### WHAT IS NEEDED
Leave every picture out and give back the lines below from the first through the line that holds "FG6222NIMB-00 | RTL8722DM, B", exactly as written.

### WORKING DATA
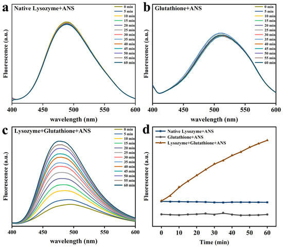 The ANS fluorescence assay for native Lys (a), GSH (b), Lys and GSH (c) at different incubation times. (d) The change of ANS fluorescence intensity for native Lys, GSH, and partially unfolded Lys as a function time of the reaction time.
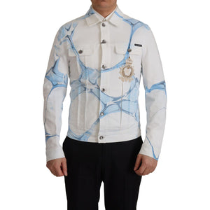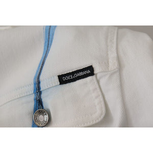 Dolce & Gabbana White Cotton Logo Embroidery Denim Jacket
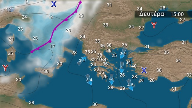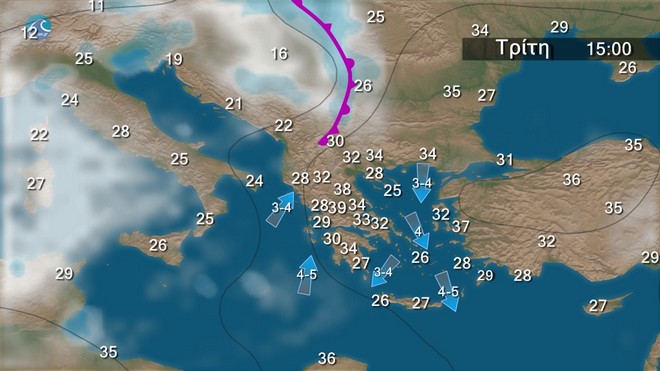 Αίθριος καιρός. Οι άνεμοι στα δυτικά θα είναι μεταβλητοί ασθενείς και το απόγευμα στο Ιόνιο δυτικοί βορειοδυτικοί 4 μποφόρ. Στα ανατολικά θα πνέουν από βόρειες διευθύνσεις 3 με 5 και στο βόρειο Αιγαίο πρόσκαιρα τοπικά 6 μποφόρ. Η θερμοκρασία θα σημειώσει μικρή περαιτέρω άνοδο και θα φτάσει στα ηπειρωτικά κατά τόπους τους 37 με 38 βαθμούς Κελσίου.
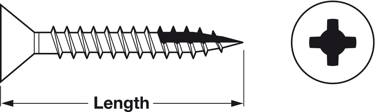 Hafele 010.23.174 Zip-R Screw, Flat Countersunk Head, #2 Phillips Drive, #8 x 2-1/2", Partial, Steel, Black Oxide, Box of 2500
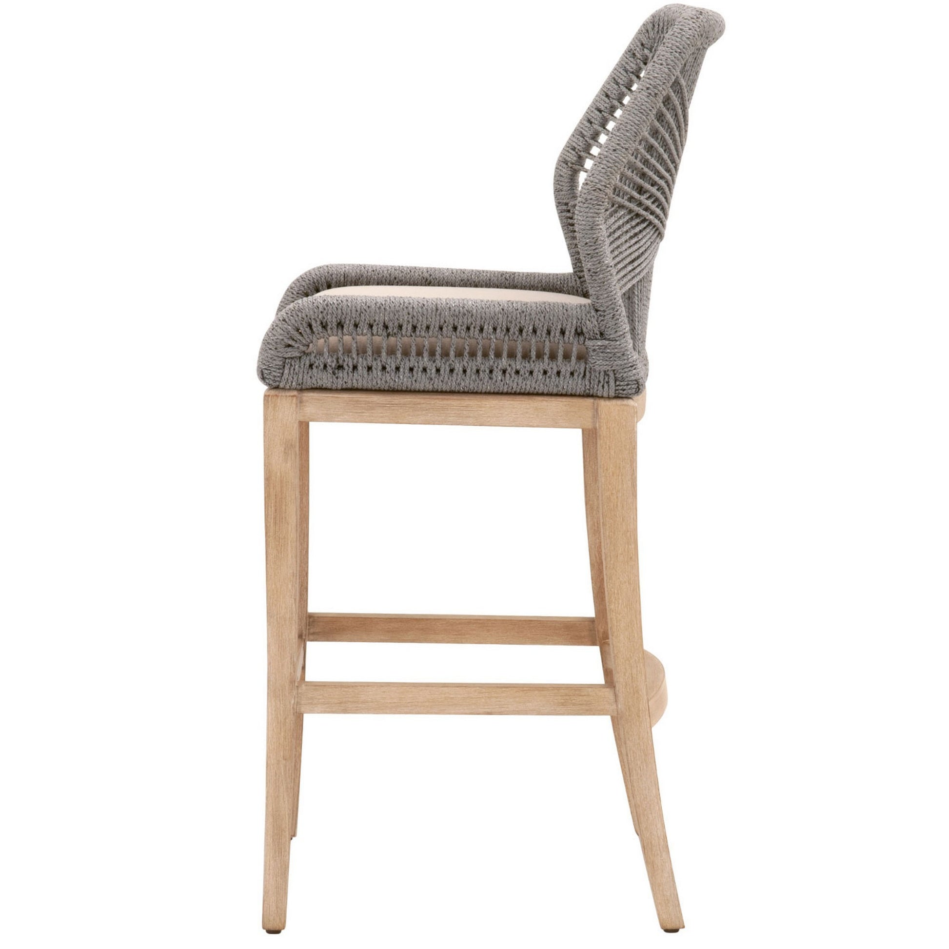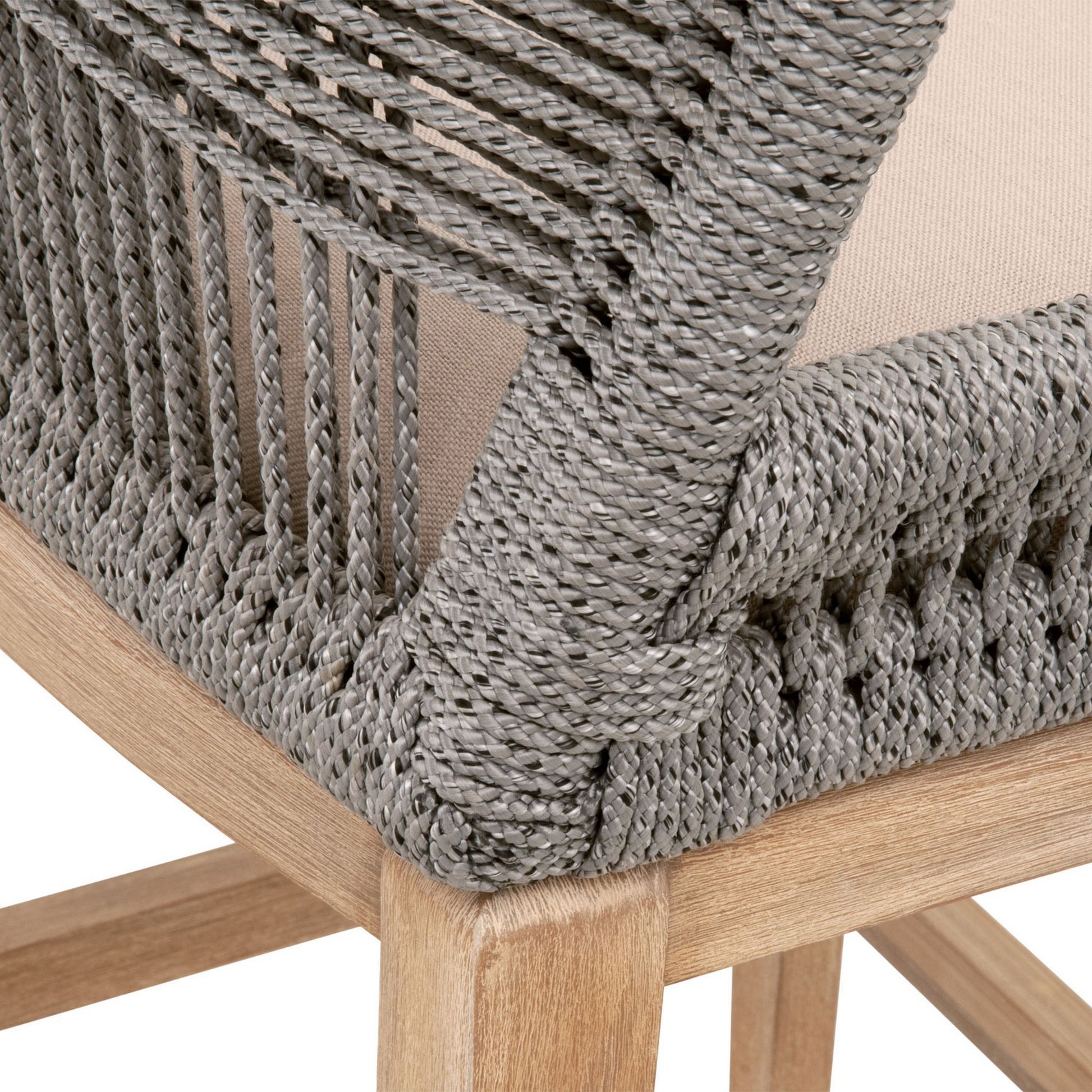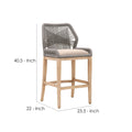 Counter Stool With Wooden Legs And Rope Back, Gray And Brown Grey Brown Wood Rope
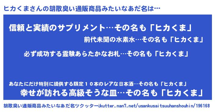 | 男性向けラノベタイトル風あだ名 | 『ヒカくまの憂鬱』 |
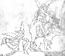 Inscr. b. dr. : faire la composition, avec le groupe principal / de mon tableau de la Chimère. en mettant les / figures à la base α en terminant par [mot barré] / [mot barré] une figure de femme tombant dans / l’espace pendant que la chimère s’élance vers le ciel
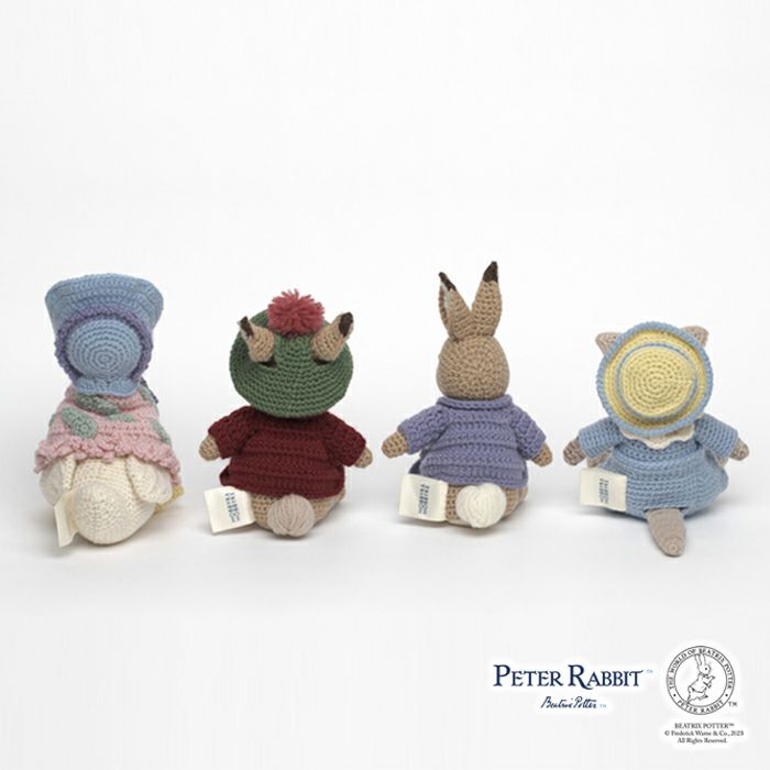 細編みメインで編み上げる4体セットの編みぐるみ。ベンジャミン・バニー™、あひるのジマイマ™、こねこのトム™は、それぞれ絵本シリーズの主役としても登場する人気者たちです。
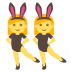 People with bunny ears ==== [](https://rawgit.com/emojitwo/emojitwo/master/svg/1f46f.svg) [](https://rawgit.com/emojitwo/emojitwo/master/svg/1f46f-2640.svg) [](https://rawgit.com/emojitwo/emojitwo/master/svg/1f46f-2642.svg) - Neutral base: U+1F46F Woman With Bunny Ears 👯 - Female U+2640: 👯‍♀️ - Male U+2642: 👯‍♂️ sub-issue of #60
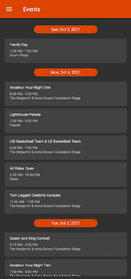A list of the Fall Festival's events with date and time, don't miss out on the parades! Add the events directly to your calendar.
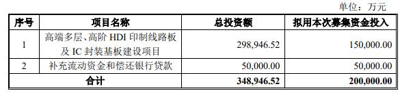 本次向特定对象发行股票拟募集资金总额不超过200000.00万元,扣除发行费用后的募集资金净额拟投资于高端多层、高阶HDI印制线路板及IC封装基板建设项目、补充流动资金和偿还银行贷款。
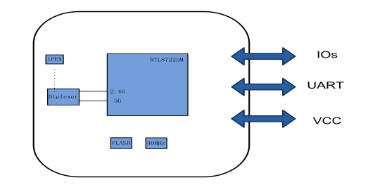 FG6222NIMB-00 | RTL8722DM, B / G / N / A, Wi-Fi + Ble5.0,1T1R, 27x30mm, UART + USB, avec blindage, IPEX, PCB 6V1 |
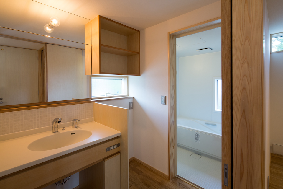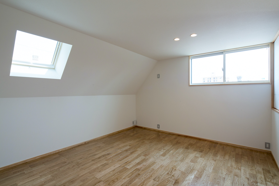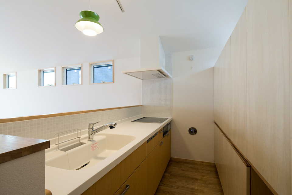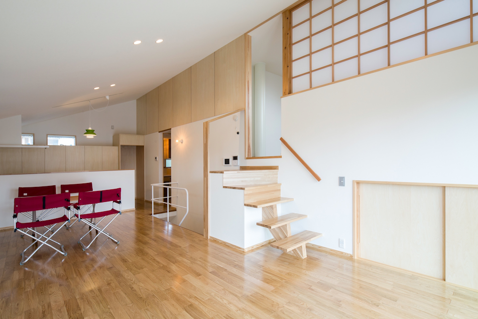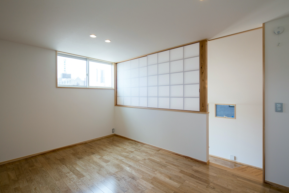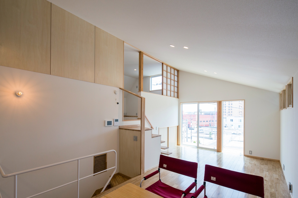 敷地は、東西に長い矩形で、西と北が道路に接し、東は隣地が3m下がった崖地でした。南には、2階建てアパートが計画されており、採光が期待できないことから崖地の高低差を利用した東向きの家としました。 お施主様のご要望は、妻方のお母様とお施主さまご家族(夫、妻、娘)とが、お互いのプライバシーを確保しながら暮らすことができる2世帯同居住宅とすることでした。 具体的には、①飲食店を経営する旦那さまが、日中に静かに眠ることができるようにしたい。②お母様の生活とお施主様ご家族の生活はできるだけ分離させたい。③世代交代しても住みつなぐことができ、近い将来にはカフェを営むことができる間取りと、来客用の駐車スペースが欲しい。④風水を考慮して、門を北向きに設け、子供部屋は東側にしたい。というもので、お母様とお施主様ご家族の生活スペースを階別に明確化し、1階には、お母様の空間を玄関近くに設けることで、世代交代後に客間として機能するようにし、カフェへの転用を考えたフリースペースと駐車スペースを補うビルトインガレージを設けました。2階は、東側に子供部屋を設け、スキップフロア構成とすることで広がりを与えています。
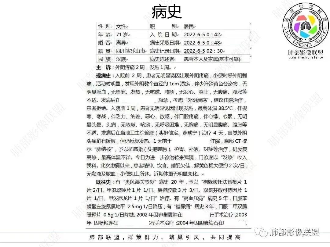 女,71,外阴疼痛2周,发热1周。类风关、高血压、高血糖、卵巢囊肿、肠粘连、胆囊结石等病史及相关药物治疗史。胸部CT:两肺弥漫磨玻璃,血管束增粗,两下肺后肋膈角多发蜂窝,对称分布,双侧胸腔少量积液,纵隔窗心脏大血管影明显增宽。考虑混合性病变,CTD-ILD,并肺水肿?并PJP?。
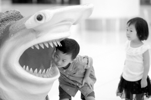 2月28日,在马来西亚沙巴州首府哥打基纳巴卢,参与活动的儿童在鲨鱼模型旁玩耍。
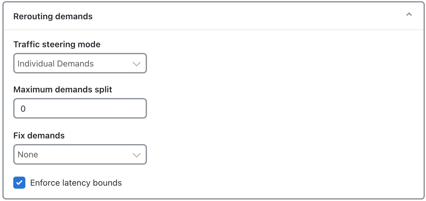 [SR LSP ごとの最大セグメントリストホップ(Maximum segment list hops per SR LSP)]:最適化後に任意のセグメントリストに含めることができるセグメントリストホップの最大数。値が指定されていない場合、Cisco Crosswork Planning は、SR LSP を最適化するために必要な数のホップを作成します。

### YOUR SOLUTION
 The ANS fluorescence assay for native Lys (a), GSH (b), Lys and GSH (c) at different incubation times. (d) The change of ANS fluorescence intensity for native Lys, GSH, and partially unfolded Lys as a function time of the reaction time.
 Dolce & Gabbana White Cotton Logo Embroidery Denim Jacket
 Αίθριος καιρός. Οι άνεμοι στα δυτικά θα είναι μεταβλητοί ασθενείς και το απόγευμα στο Ιόνιο δυτικοί βορειοδυτικοί 4 μποφόρ. Στα ανατολικά θα πνέουν από βόρειες διευθύνσεις 3 με 5 και στο βόρειο Αιγαίο πρόσκαιρα τοπικά 6 μποφόρ. Η θερμοκρασία θα σημειώσει μικρή περαιτέρω άνοδο και θα φτάσει στα ηπειρωτικά κατά τόπους τους 37 με 38 βαθμούς Κελσίου.
 Hafele 010.23.174 Zip-R Screw, Flat Countersunk Head, #2 Phillips Drive, #8 x 2-1/2", Partial, Steel, Black Oxide, Box of 2500
 Counter Stool With Wooden Legs And Rope Back, Gray And Brown Grey Brown Wood Rope
 | 男性向けラノベタイトル風あだ名 | 『ヒカくまの憂鬱』 |
 Inscr. b. dr. : faire la composition, avec le groupe principal / de mon tableau de la Chimère. en mettant les / figures à la base α en terminant par [mot barré] / [mot barré] une figure de femme tombant dans / l’espace pendant que la chimère s’élance vers le ciel
 細編みメインで編み上げる4体セットの編みぐるみ。ベンジャミン・バニー™、あひるのジマイマ™、こねこのトム™は、それぞれ絵本シリーズの主役としても登場する人気者たちです。
 People with bunny ears ==== [](https://rawgit.com/emojitwo/emojitwo/master/svg/1f46f.svg) [](https://rawgit.com/emojitwo/emojitwo/master/svg/1f46f-2640.svg) [](https://rawgit.com/emojitwo/emojitwo/master/svg/1f46f-2642.svg) - Neutral base: U+1F46F Woman With Bunny Ears 👯 - Female U+2640: 👯‍♀️ - Male U+2642: 👯‍♂️ sub-issue of #60
A list of the Fall Festival's events with date and time, don't miss out on the parades! Add the events directly to your calendar.
 本次向特定对象发行股票拟募集资金总额不超过200000.00万元,扣除发行费用后的募集资金净额拟投资于高端多层、高阶HDI印制线路板及IC封装基板建设项目、补充流动资金和偿还银行贷款。
 FG6222NIMB-00 | RTL8722DM, B / G / N / A, Wi-Fi + Ble5.0,1T1R, 27x30mm, UART + USB, avec blindage, IPEX, PCB 6V1 |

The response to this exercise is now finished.